At last a letter had been received explaining the reason for his silence; he himself was alive and healthy.

"When did you receive the letter?"  I asked.

"Yesterday," she replied, "but it was written two days after I was at Gethsemane with Mother."  And she named the date.  It was exactly the "day after tomorrow."

There were more instances showing that his prayers come before the Lord, but everything cannot be told.

About two years after Alexander's death, the director of the Gethsemane choir, Sister Paula Bachon, a former student at the Bethany school, had a dream that both students and teachers at the school were sitting at a table in the dining room.  Someone run in and calls out, "Quick, go to the cave and look in the sky."
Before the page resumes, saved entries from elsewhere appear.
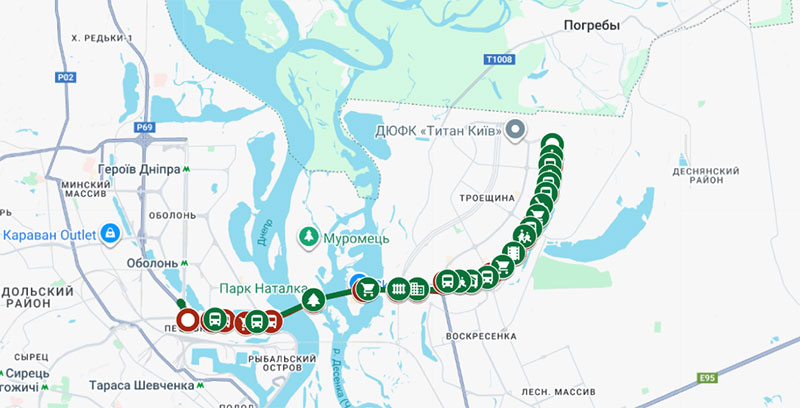 Маршрутка починає роботу з метро Почайна о 6:20 ранку. Перетинає Поділ, Оболонь та інші райони Києва. Завершує останній рейс на вулиці Милославська о 22:00. Довжина маршруту становить близько 18 км, а час у дорозі в середньому — 60 хвилин.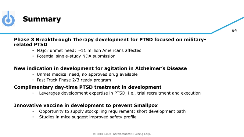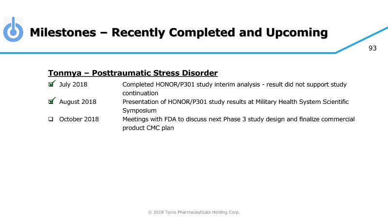 © 2018 Tonix Pharmaceuticals Holding Corp. 93 Milestones – Recently Completed and Upcoming T onmya – Posttraumatic Stress Disorder □ July 201 8 Completed HONOR/P301 study interim analysis - result did not support study continuation □ August 201 8 Presentation of HONOR/P301 study results at Military Health System Scientific Symposium □ October 201 8 Meetings with FDA to discuss next Phase 3 study design and finalize commercial product CMC plan x x
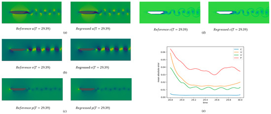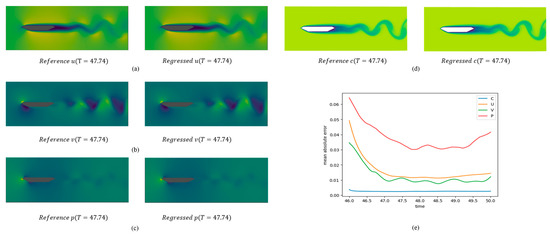 Comparison between predicted data and CFD data for Re = Pe = 1250: (a) u component; (b) v component; (c) p; (d) c; (e) mean absolute error.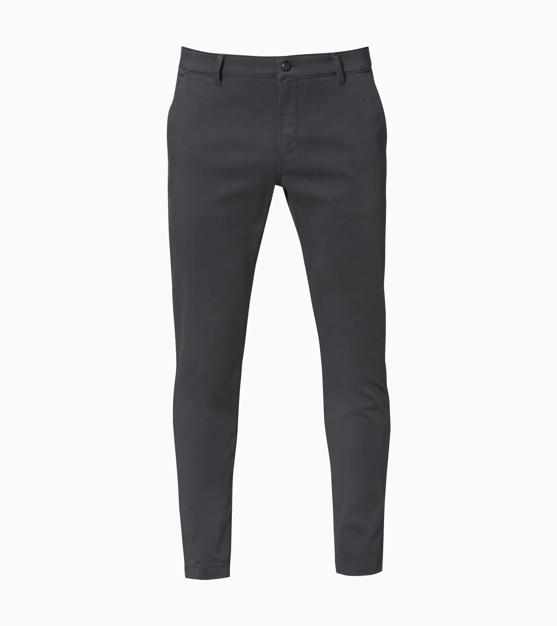 Porsche Design Basic Chino Slim Fit Trousers bring style and comfort to almost any occasion. These men’s chinos feature a slim silhouette that still provides plenty of comfort thanks to flexible elastane fibers. Luxuriously soft fabric lends casual elegance and an exclusive finish – making these trousers into a versatile wardrobe essential. Two front pockets and jetted pockets in the back for genuine chino style. A true men’s classic reinterpreted for the modern urban lifestyle.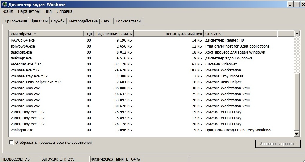 VideoNet 32-битное приложение, один процесс, сюда входит всё ( проигрыватель, платы захвата, IP устройства и т.п.). Естественно память не безгранична и при её достижении 2 гб система может остановиться. Тут мы или расширяем границу выделенной памяти до 3 гб, или ставим 64-битную ОС, получаем 3,5 гб.

They all get up and run to the grotto, in which morning and evening prayers were usually read, and they see that above the grotto Alexander is standing in the air dressed in white.  "Pray," says a voice, "then you will see."  Then someone came from above, took Alexander by the hand and they both began to ascend higher and higher.  As they rose higher, Alexander's clothing gradually changed from white to sky blue, and finally he disappeared from view.  One clergyman to whom this dream was recounted expressed the thought that this might signify his rising to a higher level of life beyond the grave.

From that time on our son began to appear in dreams to me and likewise to others as if he had lost his personal characteristics and is rather personifying in himself the Russian people.

Apart from the loss of our son, there always lay on my heart another sorrow: the loss of the homeland and anxiety over the Christian spirit of the Russian people; was this spirit alive or had it been extinguished never to return?  As I stood at his grave, I addressed our son, "You, who now know more than we sinners on the earth, tell me: is the spirit of our people alive?"

After sometime had passed, when I was no longer thinking about this request, I saw in a dream my husband and several other men running down a hill to the cemetery with shovels.  "Where are you running to?"  I asked.

They answered, "We're running to dig up Alexander, for he's risen."

After a few minutes they appeared at the door of our house with a stretcher on which Alexander lay, alive, smiling, but his face pale and yellowish.  He held his hand out to me and said, "Mommy, I've risen, but I'm too weak to stand."

The Second World War came to an end.  According to an agreement with the Allies, the Soviet army occupied the countries granted it.  Several days before the taking of Belgrade, after which there ensued a terribly brutal reign of terror, I dreamed that I was walking across a plain along a deserted road.  Some youth came up to greet me; I took a look at him and I recognized him as our son.  I ran up to him, however, he looked not at me but at some place far above my hear, and his face distorted with horror.

"What is it?" I asked, "What do you see that's so terrible?  Something must happen to your father and me?"

"No," he answered, "right now it's so much worse for my younger brother than for me."  He never had a younger brother.  After several days we read and heard about what was happening in Serbia, and we realized that he had been talking about the Serbian people.

* * * 

Everything cited above does not exhaust what could have been told about the youth Alexander.  But I think that what is told here is a sufficient witness to the fact that there is no death for those who accept without murmur everything sent by the Lord, that there is no request in prayer which the Lord does not hear, when it rises up before Him from the depths of a sorrowing heart.